▶ **TASK REQUIREMENTS**: All that belongs in the answer is the lines from the one containing "Boulder Canyon Project, NV." to the end of the listing below, copied exactly, pictures excluded.

▶ **INFORMATION SHOWN**:
- - - - - - -

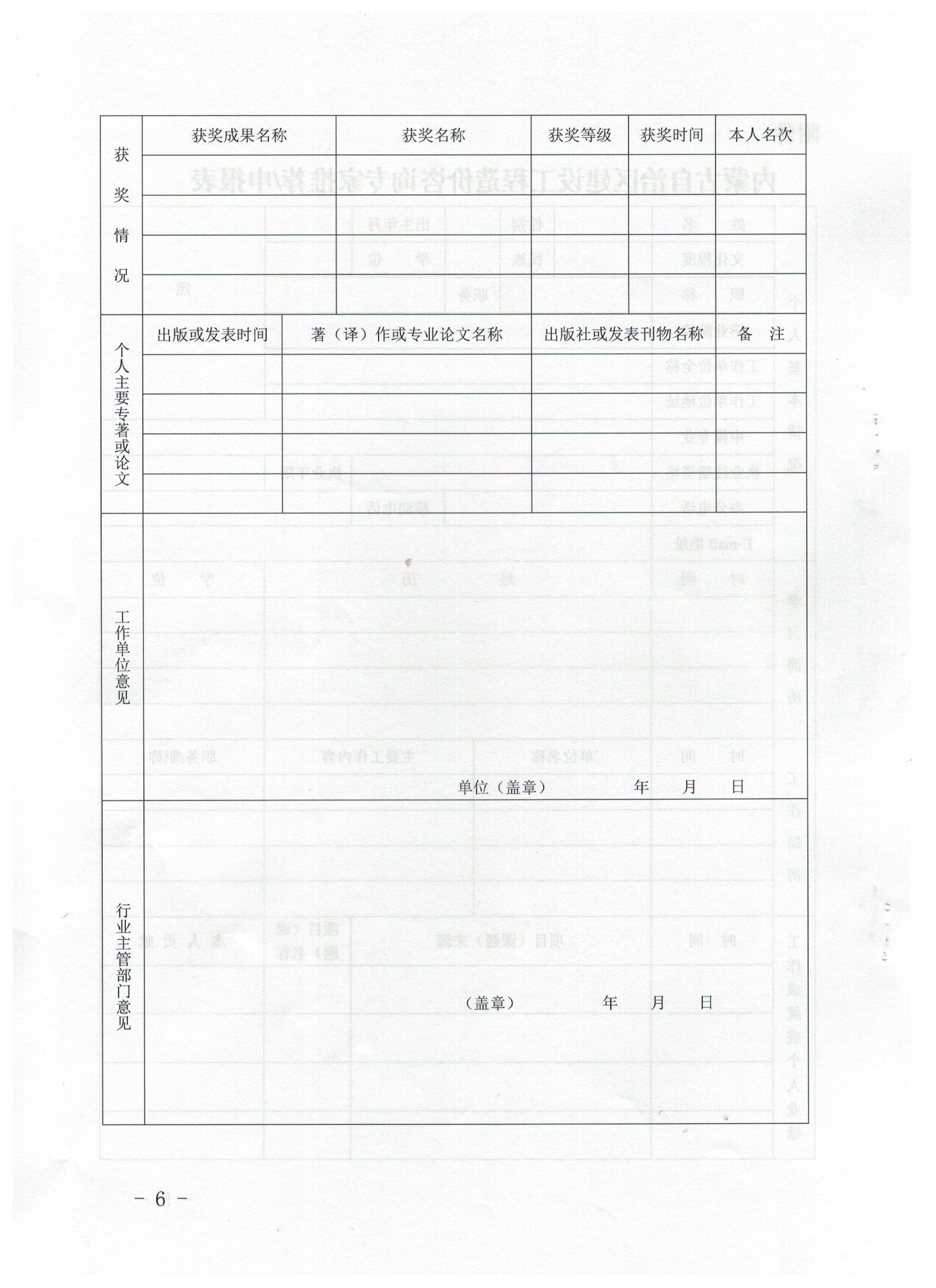 附件:內(nèi)蒙古自治區(qū)建設工程造價咨詢專家推薦申報表..docx
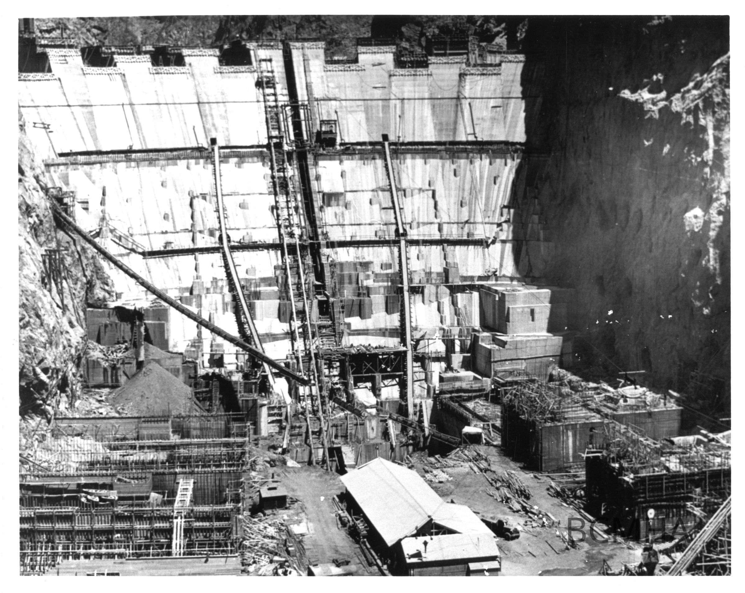 Boulder Canyon Project, NV. Hoover Damsite Region 3 Downstream face of dam & power plant construction as seen from NV. canyon wall outlet works site April 26, 1934; Ben D. Glaha; USBR photo/ BCP2427AMade/Created
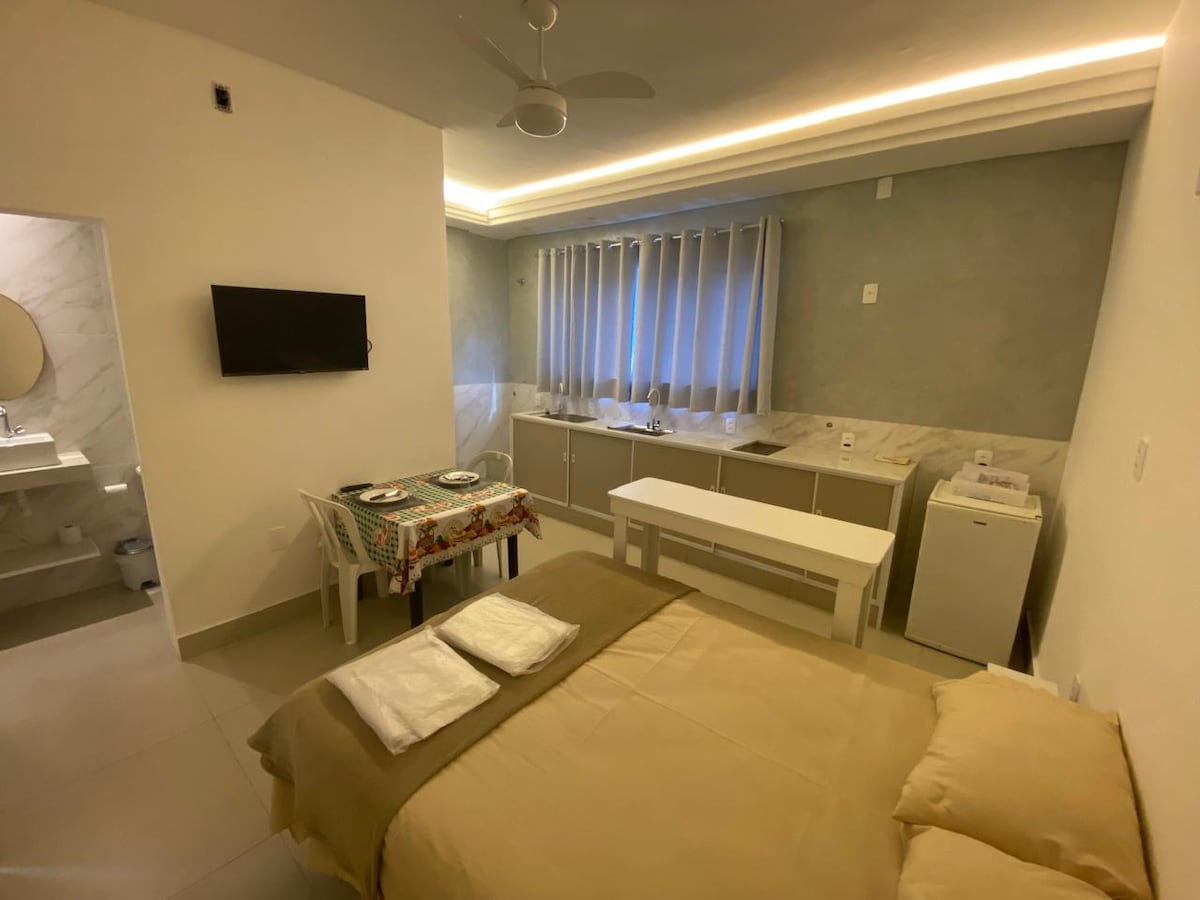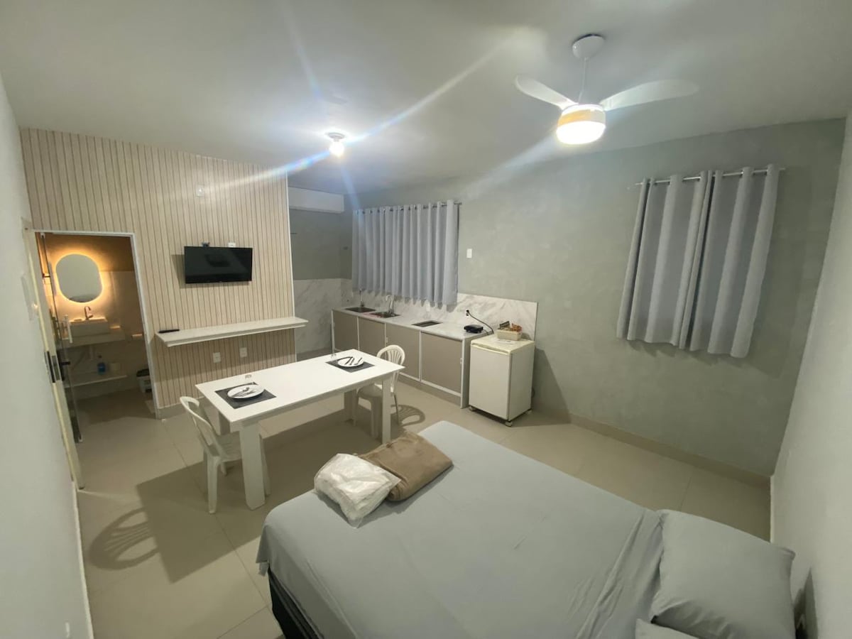 Stúdio accogliente, nuovo, spazioso, che ti aspetta. - Suite - Aria Condizionata - TV - Cucina con microonde, minibar, caffetteria con capsule, sandwich maker, piatti, posate, tazze e bicchieri. - Biancheria da letto e da bagno, sapone liquido, shampoo e balsamo - 01 posto auto - Vicino a due ipermercati, UEMG, farmacie, forum, stazione degli autobus, stazioni di servizio, ristoranti, bar, vicino al centro. Ottima posizione. cancelli - Il cancello elettronico fornirà più sicurezza e servizi.

- - - - - - -

▶ **THE ANSWER**:
 Boulder Canyon Project, NV. Hoover Damsite Region 3 Downstream face of dam & power plant construction as seen from NV. canyon wall outlet works site April 26, 1934; Ben D. Glaha; USBR photo/ BCP2427AMade/Created
 Stúdio accogliente, nuovo, spazioso, che ti aspetta. - Suite - Aria Condizionata - TV - Cucina con microonde, minibar, caffetteria con capsule, sandwich maker, piatti, posate, tazze e bicchieri. - Biancheria da letto e da bagno, sapone liquido, shampoo e balsamo - 01 posto auto - Vicino a due ipermercati, UEMG, farmacie, forum, stazione degli autobus, stazioni di servizio, ristoranti, bar, vicino al centro. Ottima posizione. cancelli - Il cancello elettronico fornirà più sicurezza e servizi.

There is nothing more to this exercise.